For the purposes of this article, we will focus primarily on property held in the United States, especially in Florida, a very popular option for Quebec professionals.

Don’t let your dream turn into a nightmare!

Canadians who buy a condo or a house in the Sunshine State must be sure to comply with both Canadian and U.S. laws. Here are some of the key provisions you should be aware of.

U.S. residence and taxation

Canadians who reside 183 days or more in the United States over a three-year span may be considered a U.S. resident and thus be subject to U.S. income tax. However, if they did not receive any dividends, rental income or annuities in the U.S., they may not have to file a U.S. tax return, provided they complete a form establishing that they have closer ties with Canada than with the United States.

Probate procedure

U.S. laws stipulate that when a Canadian owner of a U.S. residence dies, the will they made in Canada must be probated by the U.S. authorities as part of the settlement of the estate. This legal procedure may cost from 3% to 5% of the value of the estate, for a property located in Florida, and take 12 months or longer.
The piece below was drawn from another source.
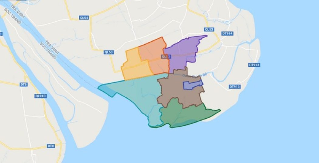 - Phía nam giáp huyện Duyên Hải.

Establishing a revocable or irrevocable cross-border trust can help you avoid the inconvenience of the probate procedure.

U.S. protection mandate: an essential document

A Quebec protection mandate is not recognized by the U.S. legal authorities. You must therefore obtain a guardianship document from the American courts. It’s possible to avoid these costly legal procedures by creating a trust.

Sale and capital gain

If you sell your residence in Florida, you will have to pay the U.S. authorities a withholding tax of 10% of the selling price. However, this withholding will not apply if the property is sold for less than $300,000 and if the buyer declares that this property will be their primary residence.

As the seller, you will also have to declare the capital gain realized:

  • To the American government, by filing a U.S. federal tax return. The capital gain will be taxed at a maximum rate of 15%.
  • As a resident of Canada, by including the capital gain on your federal and provincial tax returns. Note that you will be entitled to a foreign tax credit for the amount of tax payable in the United States.

Holding foreign assets requires planning!

Whether you own foreign real estate, shares or any other type of investment, it all starts with sound planning and informed decision making. There are many solutions to simplify things and to help you get the most out of your assets held in the United States and elsewhere in the world from a financial, tax and estate standpoint.